Mag Copper Limited
CNSX : QUE

Mag Copper Limited

June 08, 2016 17:14 ET

Mag Copper Announces Reduction of Debt

TORONTO, ONTARIO--(Marketwired - June 8, 2016) - Copper Limited ("Mag Copper" or the "Company")
(CSE:QUE) is pleased to announce that it has reached an agreement with arms-length and non-arm's length debt holders to forgive and settle an aggregate of $412,189.74 of debt through the issuance of 8,243,794 common shares of the Company (the "Common Shares") at a price of $0.05 per Common Share (the "Debt Settlement") with the balance of the debt being forgiven by certain creditors. All Common Shares issued in connection with the Debt Settlement are subject to a four month and one day statutory hold period.

Mr. Terry Loney, a director of the Company, acquired 3,775,154 Common Shares in connection with the Debt Settlement. Mr. Loney will own or control directly, an aggregate of 4,100,554 Common Shares representing approximately 17.1% of the issued and outstanding Common Shares of the Company. Mr. Loney holds stocks options to acquire 80,000 Common Shares (the "Stock Options") of the Company. If Mr. Loney were to exercise all of his Stock Options he would own and aggregate of 4,180,554 Common Shares, representing approximately 17.5% of the Company's then outstanding Common Shares on a partially diluted basis.

Wolf Mountain Diamond Drilling Inc., a company controlled by Kyle Loney, acquired 4,468,640 Common Shares in connection with the Debt Settlement. Mr. Kyle Loney will own or control, directly and indirectly, an aggregate of 4,468,640 Common Shares, representing approximately 18.7% of the issued and outstanding Common Shares of the Company.

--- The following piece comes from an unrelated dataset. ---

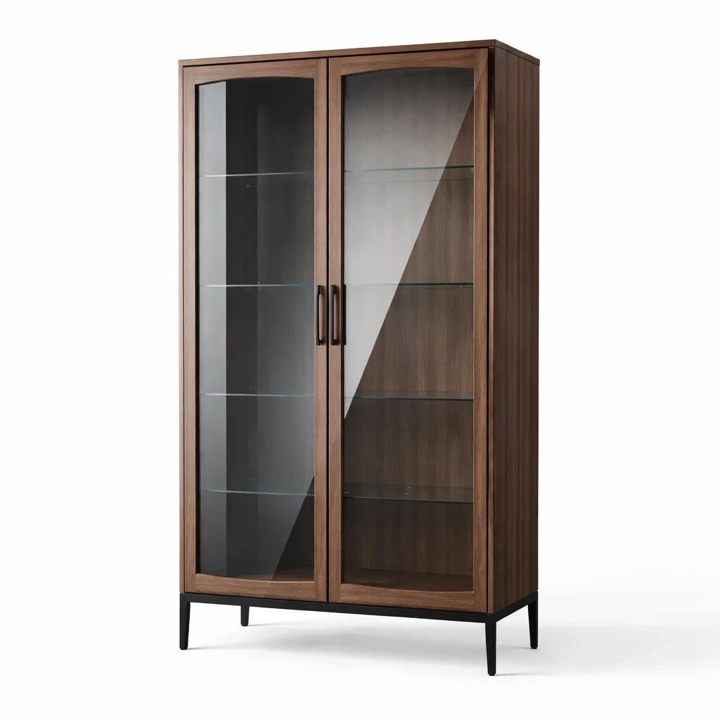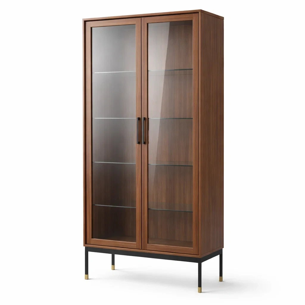 Vitrine en verre trempé et métal avec bois plaqué

A copy of Mr. Terry Loney's and Mr. Kyle Loney's early warning reports in respect of this transaction will be available on the Company's issuer profile on SEDAR at www.sedar.com.

Pursuant to Multilateral Instrument 61-101 - Protection of Minority Security Holders in Special Transactions ("MI 61-101"), the Debt Settlement constitutes a "related party transaction" as related parties of the Company will receive 8,243,794 Common Shares of the Company. The Company is relying on exemptions from the formal valuation and minority approval requirements of MI 61-101, based on the fact that the securities of the Company are only listed on the Canadian National Stock Exchange and the determination that the fair market value of the transaction, insofar as it involves related parties, does not exceed 25% of the market capitalization of the Company. A material change report will be filed less than 21 days before the closing date of the transaction. This shorter period was reasonable and necessary in the circumstances to allow the Company to improve its financial position by reducing its accrued liabilities.

The Canadian National Stock Exchange has not reviewed this press release and does not accept responsibility for the adequacy or accuracy of this news release.

This news release may contain forward-looking statements including but not limited to comments regarding the timing and content of upcoming work programs, geological interpretations, receipt of property titles, potential mineral recovery processes, etc. Forward-looking statements address future events and conditions and therefore, involve inherent risks and uncertainties. Actual results may differ materially from those currently anticipated in such statements.